CONTINUA LO SFORZO DELL’AMMINISTRAZIONE PER “PIAZZARE” COI SALDISSIMI DI PRIMA DELLE ELEZIONI IL PRESTIGIOSO IMMOBILE DEL CENTRO.

“AAA offresi per il fuori tutto di fine amministrazione palazzo in centro, ottima esposizione, recentemente ristrutturato con finiture prestigiose. Trattasi di struttura di epoca papale che ha ospitato il teatro di Orvieto prima della costruzione del Mancinelli. È dotato di piano interrato, piano terreno, piano ammezzato, primo piano, secondo piano e due piani ricavati da soppalchi. Riscaldato e condizionato.

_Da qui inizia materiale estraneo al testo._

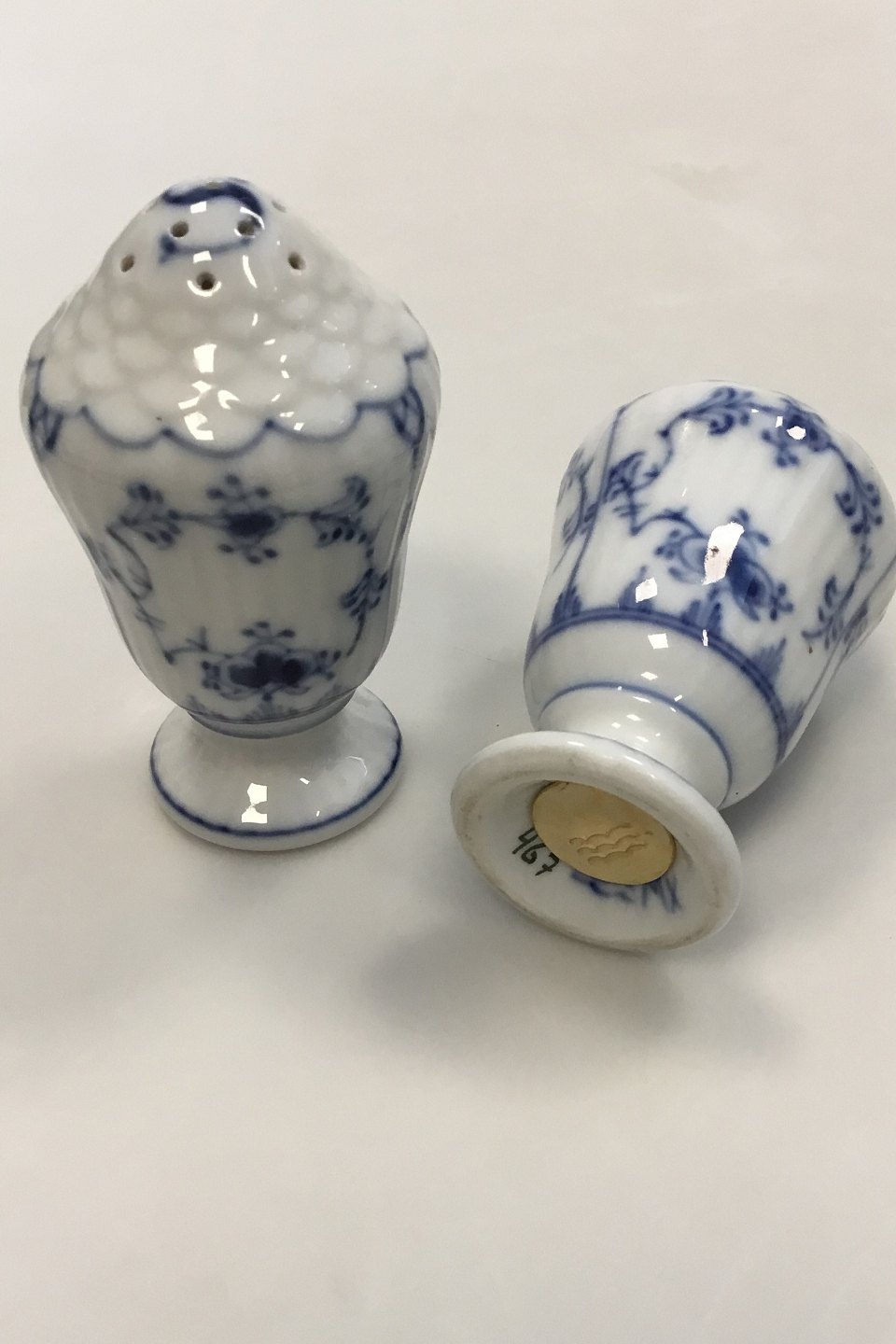 Royal Copenhagen Musselmalet riflet salt- og pebersæt No 467/480. Måler 8 cm(3 5/32 in.)

Dotato di diffusione audio video e addirittura di una Sala per la regia teatrale o televisiva.

Condizioni economiche estremamente favorevoli e purtroppo per esaurimento merci il cambio shimano e le batterie di pentole Purtroppo non sono comprese nel presente bando.”

Scherzi a parte ci sembra che l’amministrazione stia davvero esagerando non solo perché scippa dalla possibilità di discussione in consiglio comunale dove andrebbe sicuramente a vedere quanto profondamente può finire in minoranza, ma anche per delle vere e proprie lacune nei bandi per l’affidamento predisposti in tutta fretta dopo il precedente esposto firmato da tutta l’ex maggioranza e da noi del MoVimento 5 Stelle.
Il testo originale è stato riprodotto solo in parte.